[[ DATA SECTION, beginning ]]

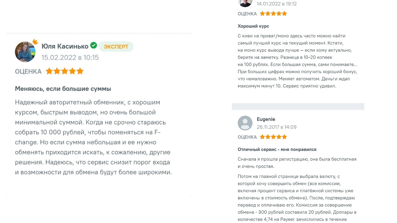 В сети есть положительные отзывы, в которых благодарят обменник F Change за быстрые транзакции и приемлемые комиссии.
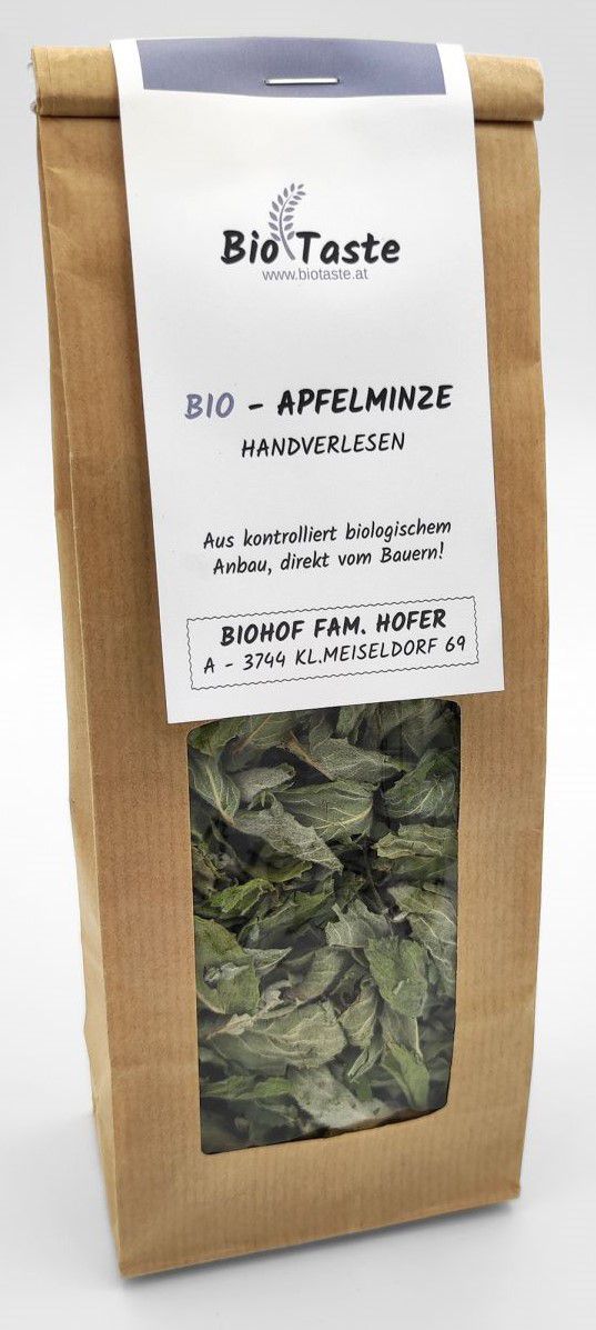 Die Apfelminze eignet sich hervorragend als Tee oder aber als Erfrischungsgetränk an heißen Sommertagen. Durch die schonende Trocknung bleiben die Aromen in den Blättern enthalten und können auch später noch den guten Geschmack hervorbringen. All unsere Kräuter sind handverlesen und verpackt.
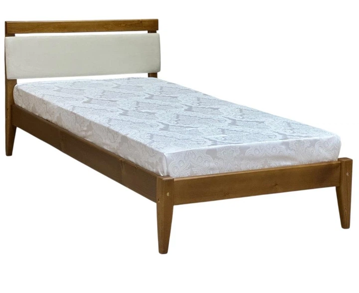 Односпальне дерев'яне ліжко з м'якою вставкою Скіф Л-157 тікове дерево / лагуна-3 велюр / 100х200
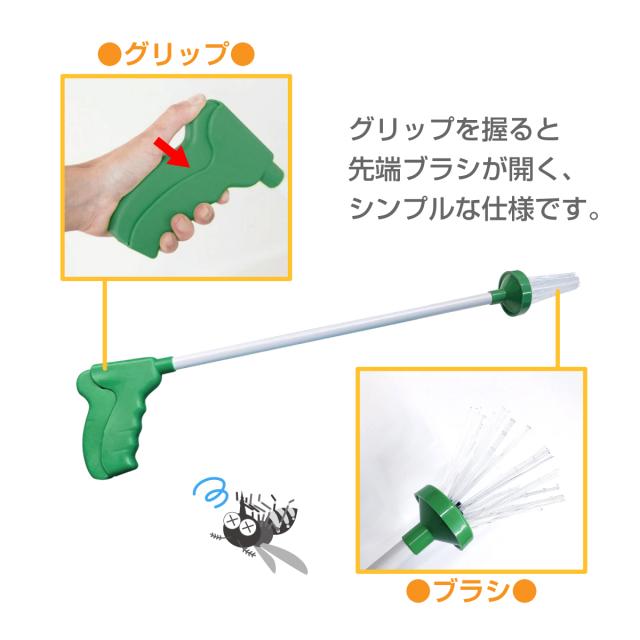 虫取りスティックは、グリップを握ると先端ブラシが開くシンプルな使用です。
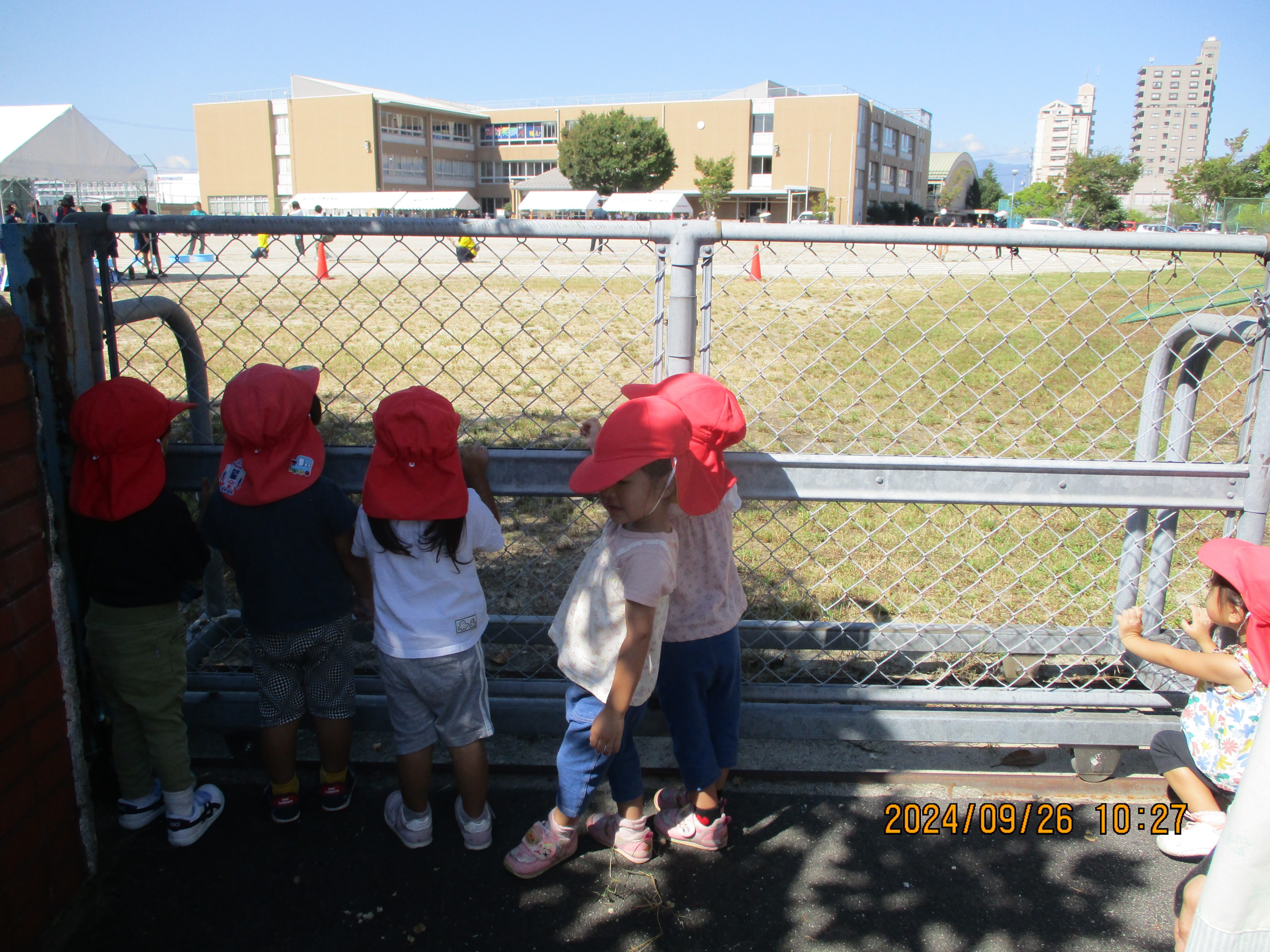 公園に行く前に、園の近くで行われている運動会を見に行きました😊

[[ DATA SECTION, end ]]

AIM OF THE EXERCISE
The records above should be written out exactly, and the images dropped.

ANSWER TO THIS TASK
 В сети есть положительные отзывы, в которых благодарят обменник F Change за быстрые транзакции и приемлемые комиссии.
 Die Apfelminze eignet sich hervorragend als Tee oder aber als Erfrischungsgetränk an heißen Sommertagen. Durch die schonende Trocknung bleiben die Aromen in den Blättern enthalten und können auch später noch den guten Geschmack hervorbringen. All unsere Kräuter sind handverlesen und verpackt.
 Односпальне дерев'яне ліжко з м'якою вставкою Скіф Л-157 тікове дерево / лагуна-3 велюр / 100х200
 虫取りスティックは、グリップを握ると先端ブラシが開くシンプルな使用です。
 公園に行く前に、園の近くで行われている運動会を見に行きました😊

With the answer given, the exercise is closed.